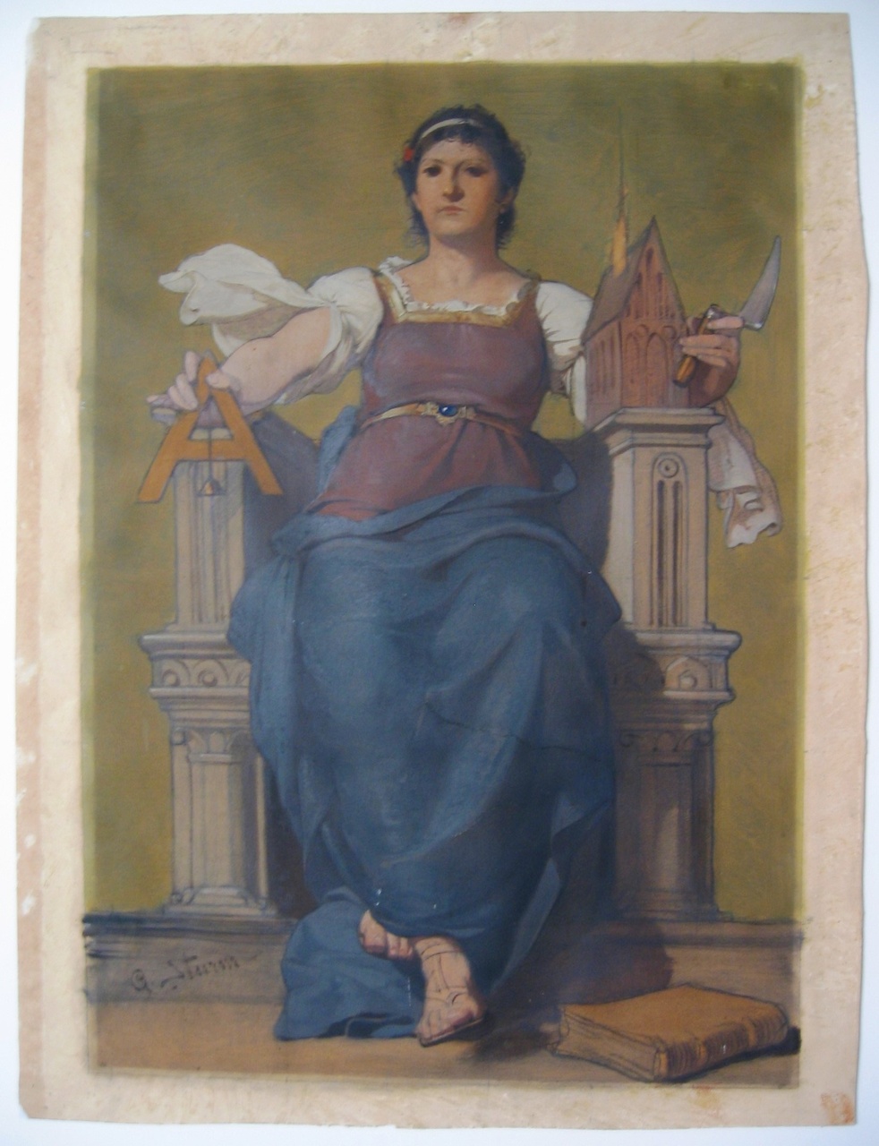 Een jonge vrouw zit op een stenen bank. Op de rechter leuning staat een kerkje met neogotische spits. Zij draagt een wit lint in het haar met een rode sluiting. Verder draagt ze een blouse met wijde witte mouwen, een roodbruine jurk met daar gedeeltelijk overheen een blauwgrijze omslag. Aan haar voeten ligt een dik boek. Rechts heeft ze een ytroffel in haar hand en links een schietlood en een houten letter A (=meetlineaal?).
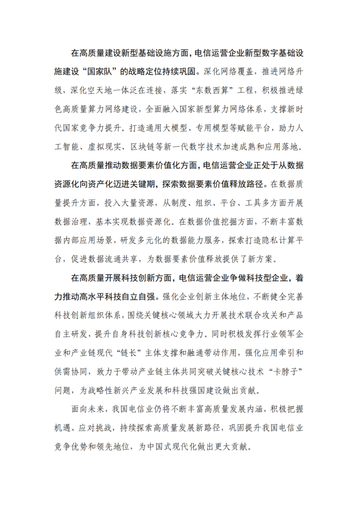 当前,我国已经开启了全面建设社会主义现代化国家、以中国式现代化全面推进中华民族伟大复兴的新时代新征程。电信业作为现代化建设的先锋队,既要先行一步做表率,力争通过高质量发展,率先实现自身现代化,又要高质量赋能数字经济社会,助力新型工业化,以信息化驱动中国式现代化,为中国式现代化做出应有的贡献。
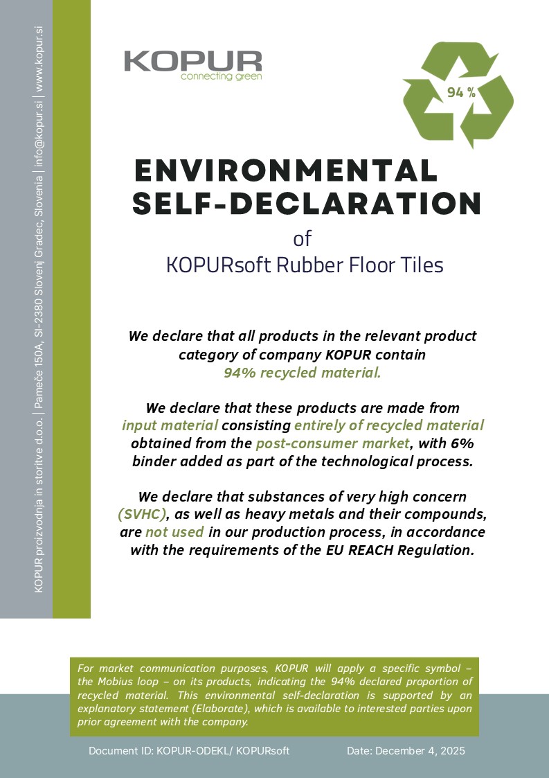 94 % der Zusammensetzung der KOPURsoft Fallschutzplatten bestehen aus recyceltem Gummigranulat aus Post-Consumer-Abfällen. Der deklarierte Anteil an recyceltem Material wurde von einer unabhängigen Drittstelle gemäß den Anforderungen der ISO 14021 bestätigt und belegt die Zuverlässigkeit, Rückverfolgbarkeit, Überprüfbarkeit und Glaubwürdigkeit der entsprechenden Umweltaussage.
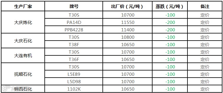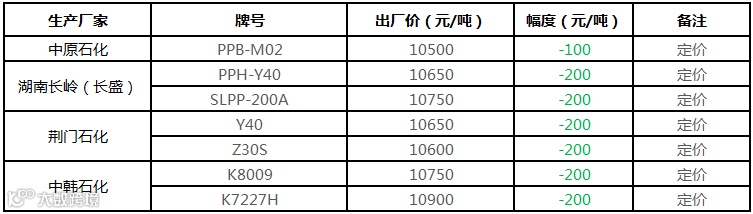 中油东北PP定价部分下调100-200元/吨!!!
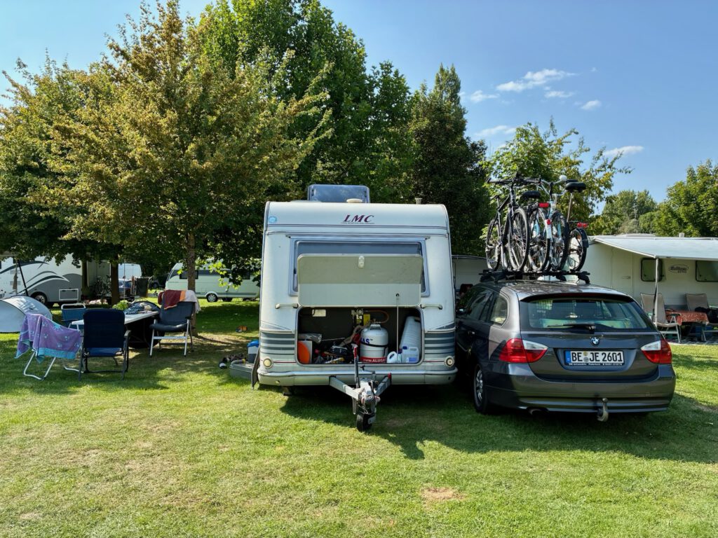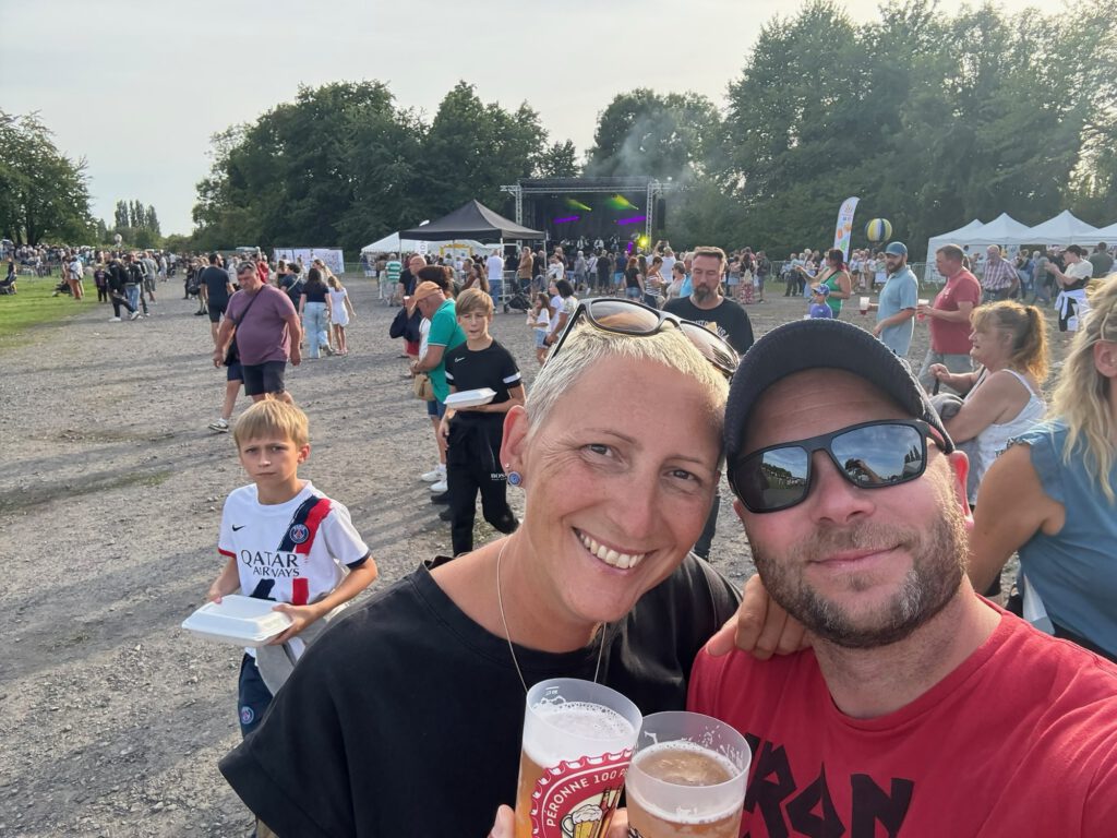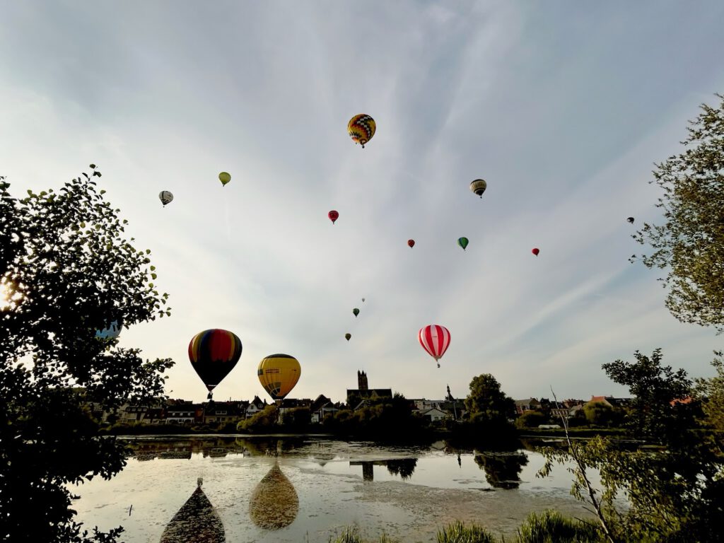 Der letzte Stopp 2025. Kurz vor der belgischen Grenze in Peronne. Der Campingplatz ist nichts besonderes, ist aber mit allem ausgestattet, was man braucht: Bar, Restaurant, Snack Bar und Pool und Broverkauf. Hier schlagen mit uns viele andere für eine Nacht auf der Durchreise ihre Reiseunterkunft auf. Unser Highlight ist das Mongolfiadenfest in Peronne, das wir eher zufällig auf unserem abendlichen Spaziergang entdecken. Ein feines französisches Fest
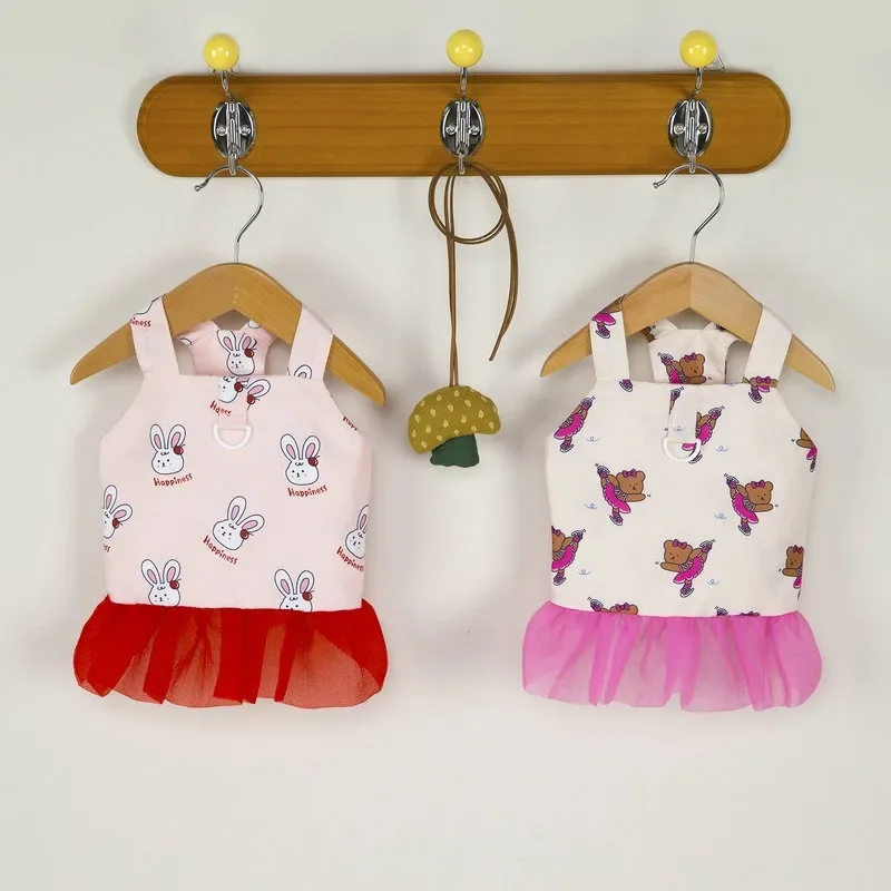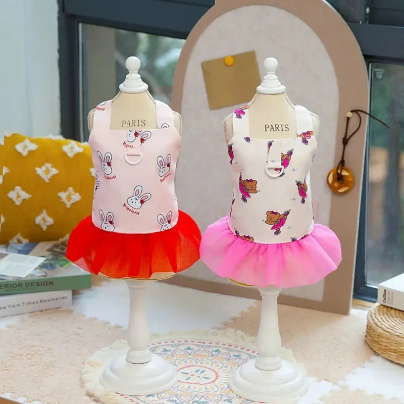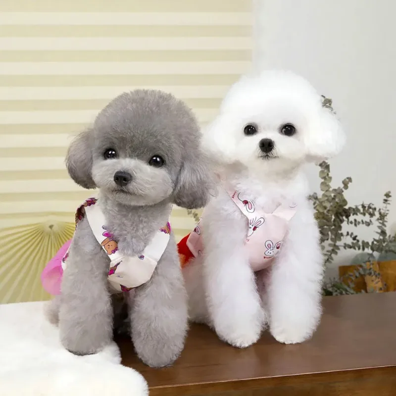 Lindo conejo mascota Halter falda de malla novedad de verano ropa para perros Teddy conejo vestido estampado perro pequeño vestido de dibujos animados ropa para perros femeninos
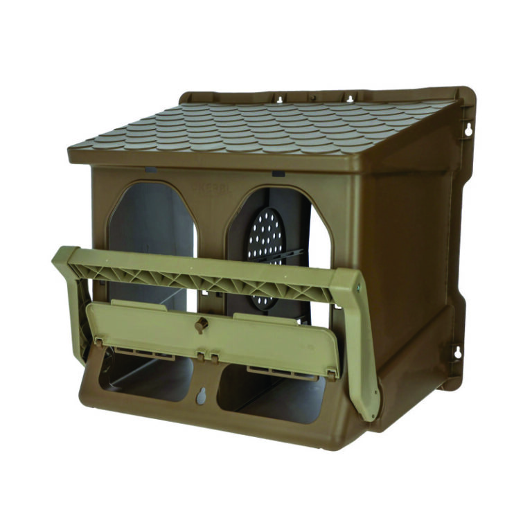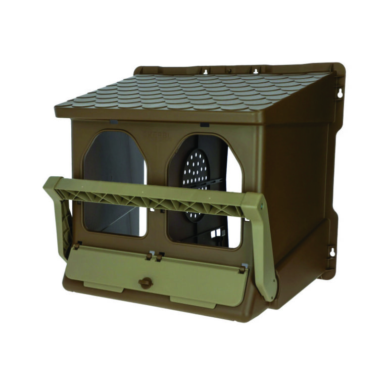 Den integrerte sittepinnen gjør det enklere for hønene å komme inn i redet. Når pinnen foldes opp kan redet også stenges, for eksempel om natten eller når det ikke skal brukes.

........

__EXERCISE__: Reprint all the data above verbatim, excluding pictures.

__OUTPUT FOR THIS TASK__:
 Een jonge vrouw zit op een stenen bank. Op de rechter leuning staat een kerkje met neogotische spits. Zij draagt een wit lint in het haar met een rode sluiting. Verder draagt ze een blouse met wijde witte mouwen, een roodbruine jurk met daar gedeeltelijk overheen een blauwgrijze omslag. Aan haar voeten ligt een dik boek. Rechts heeft ze een ytroffel in haar hand en links een schietlood en een houten letter A (=meetlineaal?).
 当前,我国已经开启了全面建设社会主义现代化国家、以中国式现代化全面推进中华民族伟大复兴的新时代新征程。电信业作为现代化建设的先锋队,既要先行一步做表率,力争通过高质量发展,率先实现自身现代化,又要高质量赋能数字经济社会,助力新型工业化,以信息化驱动中国式现代化,为中国式现代化做出应有的贡献。
 94 % der Zusammensetzung der KOPURsoft Fallschutzplatten bestehen aus recyceltem Gummigranulat aus Post-Consumer-Abfällen. Der deklarierte Anteil an recyceltem Material wurde von einer unabhängigen Drittstelle gemäß den Anforderungen der ISO 14021 bestätigt und belegt die Zuverlässigkeit, Rückverfolgbarkeit, Überprüfbarkeit und Glaubwürdigkeit der entsprechenden Umweltaussage.
 中油东北PP定价部分下调100-200元/吨!!!
 Der letzte Stopp 2025. Kurz vor der belgischen Grenze in Peronne. Der Campingplatz ist nichts besonderes, ist aber mit allem ausgestattet, was man braucht: Bar, Restaurant, Snack Bar und Pool und Broverkauf. Hier schlagen mit uns viele andere für eine Nacht auf der Durchreise ihre Reiseunterkunft auf. Unser Highlight ist das Mongolfiadenfest in Peronne, das wir eher zufällig auf unserem abendlichen Spaziergang entdecken. Ein feines französisches Fest
 Lindo conejo mascota Halter falda de malla novedad de verano ropa para perros Teddy conejo vestido estampado perro pequeño vestido de dibujos animados ropa para perros femeninos
 Den integrerte sittepinnen gjør det enklere for hønene å komme inn i redet. Når pinnen foldes opp kan redet også stenges, for eksempel om natten eller når det ikke skal brukes.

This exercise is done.